>>>

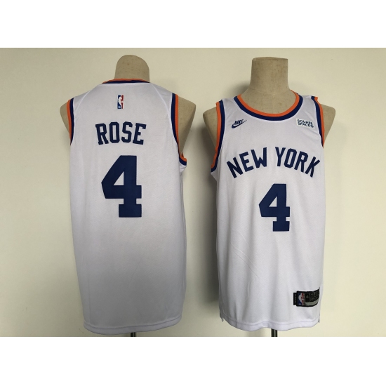 Men's New York Knicks #4 Derrick Rose White Stitched Basketball Jersey
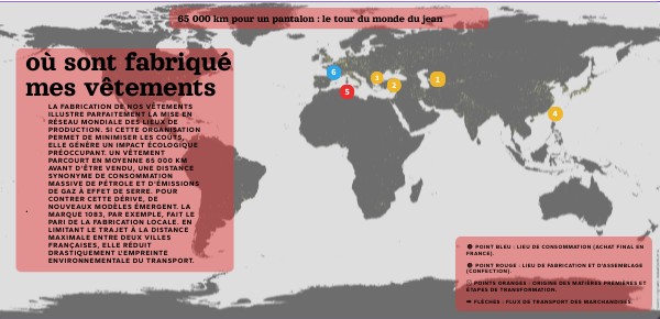 🔵 Point bleu : Lieu de consommation (achat final en France). 🔴 Point rouge : Lieu de fabrication et d'assemblage (confection). 🟠 Points oranges : Origine des matières premières et étapes de transformation. ➡️ Flèches : Flux de transport des marchandises.
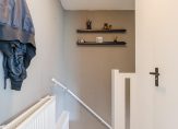 De woning beschikt over een eigen oprit en een entree op de begane grond met meterkast en trapopgang naar de eerste verdieping. Op de overloop/hal bevindt zich een toiletruimte met hangend toilet en fonteintje. De woonkamer geeft toegang tot het balkon aan de voorzijde en sluit mooi aan op de open keuken. De moderne badkamer is voorzien van wastafelmeubel, inloopdouche en designradiator. Daarnaast is er op deze verdieping een slaapkamer met schuifkastenwand en een vaste trap naar de tweede verdieping. Op de tweede verdieping bevindt zich een overloop met witgoedaansluitingen, bergruimte en een tweede slaapkamer met dakraam en knieschotberging.
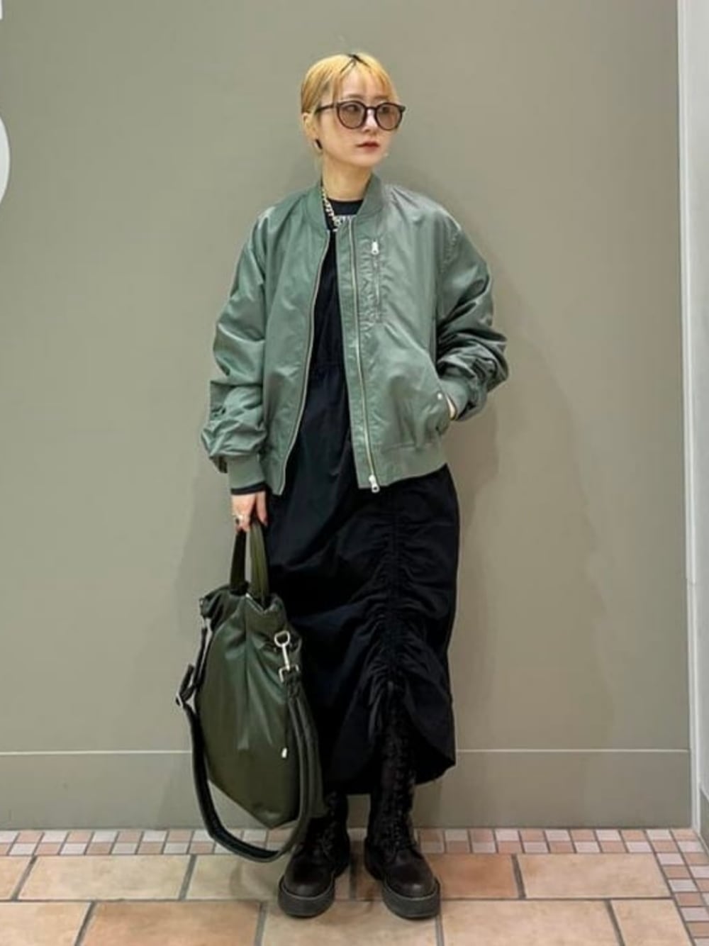 ミリタリーギャザーたっぷりコーデ!◎ 最近入荷したトートバッグをメインにコーディネートを組みました。巾着袋の様にもなるバックは肩掛けも手持ちも出来る万能アイテム。カーキカラーに合わせてMA-1をチョイスしました。RBSのワンピースは裾のギャザーを調節出来るので、今回は最大までたっぷり寄せてボリューム感をプラスしました。カジュアルながらもディテールでポイントを加えたコーディネートです。 ビームス 札幌ステラプレイス / 藤澤 萌香

<<<

**TASK OBJECTIVE**. A word-for-word copy of the listing is the goal; keep every picture out of it.

**OUTPUT OF THE TASK**.
 Men's New York Knicks #4 Derrick Rose White Stitched Basketball Jersey
 🔵 Point bleu : Lieu de consommation (achat final en France). 🔴 Point rouge : Lieu de fabrication et d'assemblage (confection). 🟠 Points oranges : Origine des matières premières et étapes de transformation. ➡️ Flèches : Flux de transport des marchandises.
 De woning beschikt over een eigen oprit en een entree op de begane grond met meterkast en trapopgang naar de eerste verdieping. Op de overloop/hal bevindt zich een toiletruimte met hangend toilet en fonteintje. De woonkamer geeft toegang tot het balkon aan de voorzijde en sluit mooi aan op de open keuken. De moderne badkamer is voorzien van wastafelmeubel, inloopdouche en designradiator. Daarnaast is er op deze verdieping een slaapkamer met schuifkastenwand en een vaste trap naar de tweede verdieping. Op de tweede verdieping bevindt zich een overloop met witgoedaansluitingen, bergruimte en een tweede slaapkamer met dakraam en knieschotberging.
 ミリタリーギャザーたっぷりコーデ!◎ 最近入荷したトートバッグをメインにコーディネートを組みました。巾着袋の様にもなるバックは肩掛けも手持ちも出来る万能アイテム。カーキカラーに合わせてMA-1をチョイスしました。RBSのワンピースは裾のギャザーを調節出来るので、今回は最大までたっぷり寄せてボリューム感をプラスしました。カジュアルながらもディテールでポイントを加えたコーディネートです。 ビームス 札幌ステラプレイス / 藤澤 萌香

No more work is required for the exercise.